The politics of privatisation: insights from the Central Asian university

The origins of this chapter lie in an informal discussion about the ‘crisis of the university’ organized for social scientists and humanities scholars who were participating in an Open Society Institute seminar from universities across post-Soviet Central Asia, the Caucuses and Afghanistan. The purpose of the seminar was to discuss what I had presumed would be shared experiences of ‘becoming academic’ in universities being transformed through the various policies of privatization and marketization that have come to dominate higher education reform both throughout the region and internationally. The discussion, however, evoked a more provocative decentring of some of the principal criticisms of privatized education now circulating within Anglo-European intellectual space, and a challenge to the transnational alter-education movement to clarify its critiques of privatisation and give texture to the alternative visions being produced.

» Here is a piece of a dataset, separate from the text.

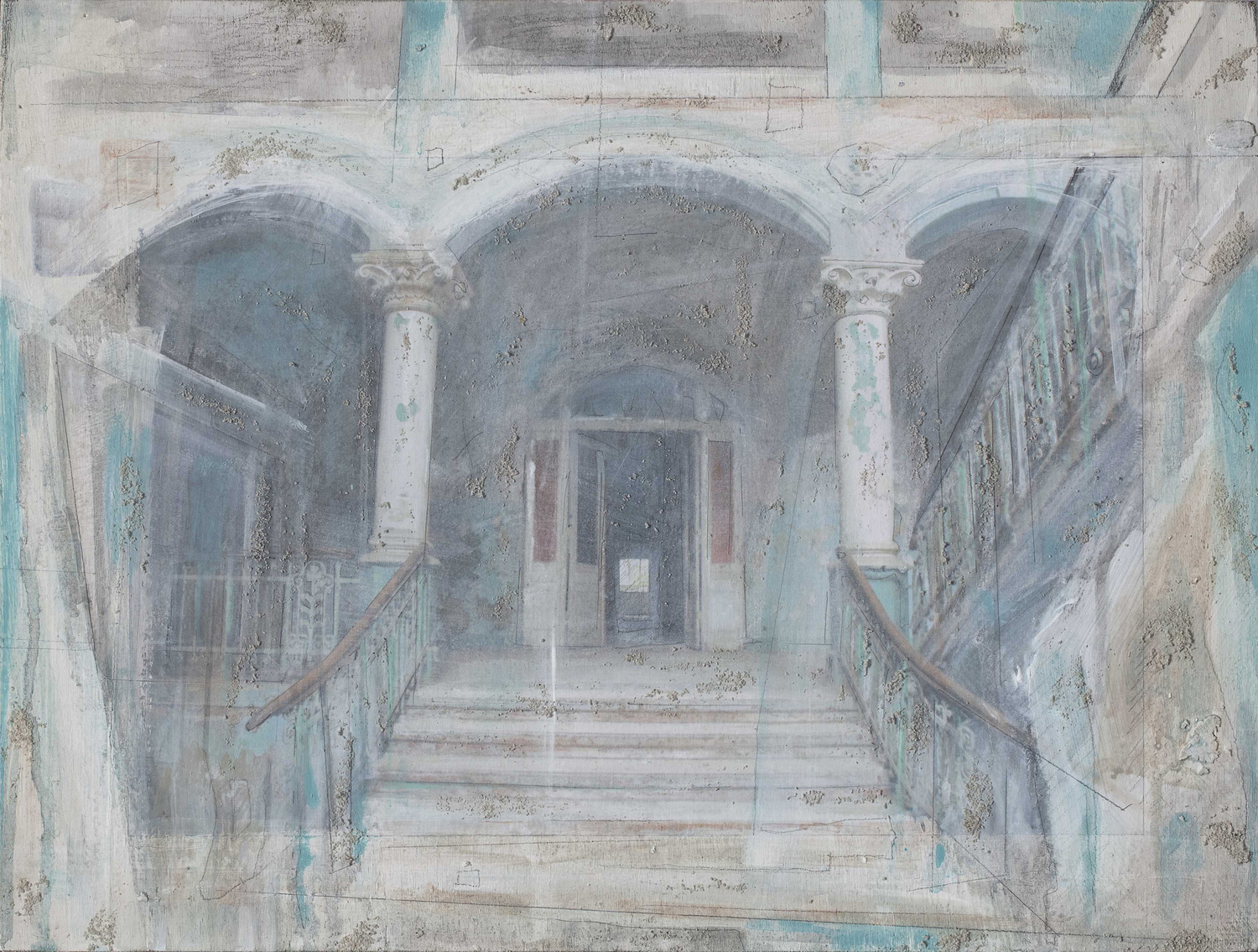 Die italienische Malerin Daniela Gullotta setzt sich in ihren Werken mit Architektur auseinander, wobei sie sich insbesondere für verlassene, dem Verfall preisgegebene Bauten interessiert. Deren Magie und stille Vergegenwärtigung der Vergangenheit bilden Anlass und Inhalt ihrer Werke. So setzt sie sich etwa 2014 in einer Serie von Bildern mit leer stehenden Bauten in Deutschland auseinander, unter diesen die ehemaligen Heilstätten von Beelitz, ein aufgegebenes, teils verfallenes Sanatorium bei Berlin, oder die Ruine des alten Chemiewerkes Rüdersdorf (Märkisch-Oderland). Doch thematisiert die Künstlerin durchaus auch Architekturen, deren Funktion noch gewahrt ist wie in ihrer Serie zum Kölner Dom. Allerdings gibt sie diesen in ihren Bildern der Zerstörung preis, indem sie sein Inneres mit aufgerissenem Fußboden darstellt. Die Künstlerin reflektiert hier zum einen die kontinuierliche Bau- und Restaurierungstätigkeit am Dom, zum anderen stellt sie die Frage nach dessen möglicher Zukunft angesichts der schwindenden Gottesbindung der Menschen.Ihre künstlerischen Recherchen richtet Gullotta vorwiegend auf die Innenräume der Architekturen, die sie zunächst in Schwarzweiß-Fotografien festhält. Auf einen Malgrund, meist Holz, montiert, bearbeitet und erweitert sie diese mittels verschiedener malerischer und zeichnerischer Techniken in Öl, Acryl, Bleistift und Kohle. Sand-Farbe-Mischungen, Leinwand- und Gazefragmente geben den Bildern Reliefhaftigkeit und unterstreichen, dass die fotografische Grundlage nebensächlich ist. Die Künstlerin transformiert auf diese Weise reale Architektur in eine fiktive und lässt die geheimnisvolle, mit Vergangenheit getränkte Atmosphäre der verlassenen Gebäude samt der sie einst belebenden Generationen von Menschen spürbar werden.

For, in circumstances where privately-owned and operated universities may appear to be the only institutional formations in which learning and knowledge production are not transmogrified through state control, wage poverty and petty corruption, arguments against privatization are harder to sustain at a superficial level. In Central Asian societies, liberal forms of privatized education are therefore often represented and experienced as viable means to eke out narrow forms of intellectual and professional autonomy, even while being recognized as repressive forces of de-professionalization, anti-intellectualism and inequality. This chapter begins from this tension to explore how specifically post-Soviet modalities of neoliberal restructuring amplify a dilemma faced by advocates of critical, public education in post-welfare societies around the world; namely, how to extricate education from dependencies on both managerialist states and the irrational vicissitudes of capitalist markets. It suggests that interrogating what privatization means in practice to educators across variegated spaces of neoliberalism, in particular its operations in relation to local traditions, systems and imaginaries, is vital for deepening our understanding of the situated nature and possibilities of alternatives and strengthening transnational movements for critical education.